DNA evidence can pose interpretation challenges when it is mixed, damaged, degraded or in low amounts. The resulting human interpretation bottleneck introduces backlogs. With an "inconclusive" result, reprocessing additional DNA items to produce a reportable match score entails further reagent cost, laboratory time and human effort.

We examined 88 DNA mixture items from reported cases. We classified these items into three groups: simple (N=35), intermediate (20) and complex (33). As item complexity increased, the fraction that yielded a reportable match score decreased from 49% (simple) to 25% (intermediate) and 21% (complex). For example, complex items would need five DNA assays and reviews in order to produce one reportable match score.

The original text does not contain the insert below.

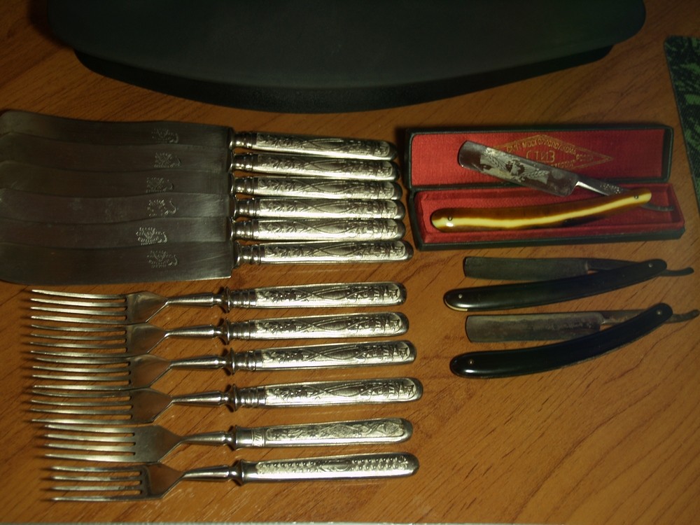 Re: Добыча с барахолкиВзял вышеозначеный столовый набор, а заодно 3 бритвы : ржавый хенкельс, вача 48г и СТИЗ Москва непользованый, но чутка щербатый. Видать, чего резать пробовали, ироды.
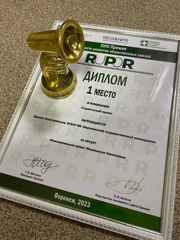 27–28 января в Воронеже состоялся финал премии в области развития общественных связей «RuPoR». Результаты были объявлены на PR-форуме «Дни PR в ЦФО». Победителем в номинации «Студенческий проект» признан студент факультета журналистики ВГУ, руководитель Образовательного проекта «Медиашкола Черноземья» Даниил Константинов.

Cybergenetics TrueAllele® Casework uses a probability modeling approach with statistical computer search. TrueAllele objectively infers genotypes from DNA data, and subsequently matches them with other genotypes (e.g., suspect or database). The model includes common data artifacts, such as PCR stutter, relative amplification, degraded DNA, mixture weight, peak uncertainty and stochastic effects. Uncertainty in variables (including genotypes) is represented using probability.

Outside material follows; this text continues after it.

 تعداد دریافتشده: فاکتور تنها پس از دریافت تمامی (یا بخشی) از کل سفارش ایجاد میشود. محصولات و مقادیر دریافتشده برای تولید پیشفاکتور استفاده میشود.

TrueAllele must always produce a genotype and make comparisons -- it is programmed that way. The average log likelihood ratio (LR) match information scores were 16.3 (simple), 13.1 (intermediate) and 11.9 (complex). Thus complex items had a 100% computer information yield averaging a trillion LR, whereas the 21% human review yield entailed 5-fold redundant experimentation with lower match scores. We conclude that computer interpretation of DNA evidence can produce greater identification information for lower laboratory time, cost and effort.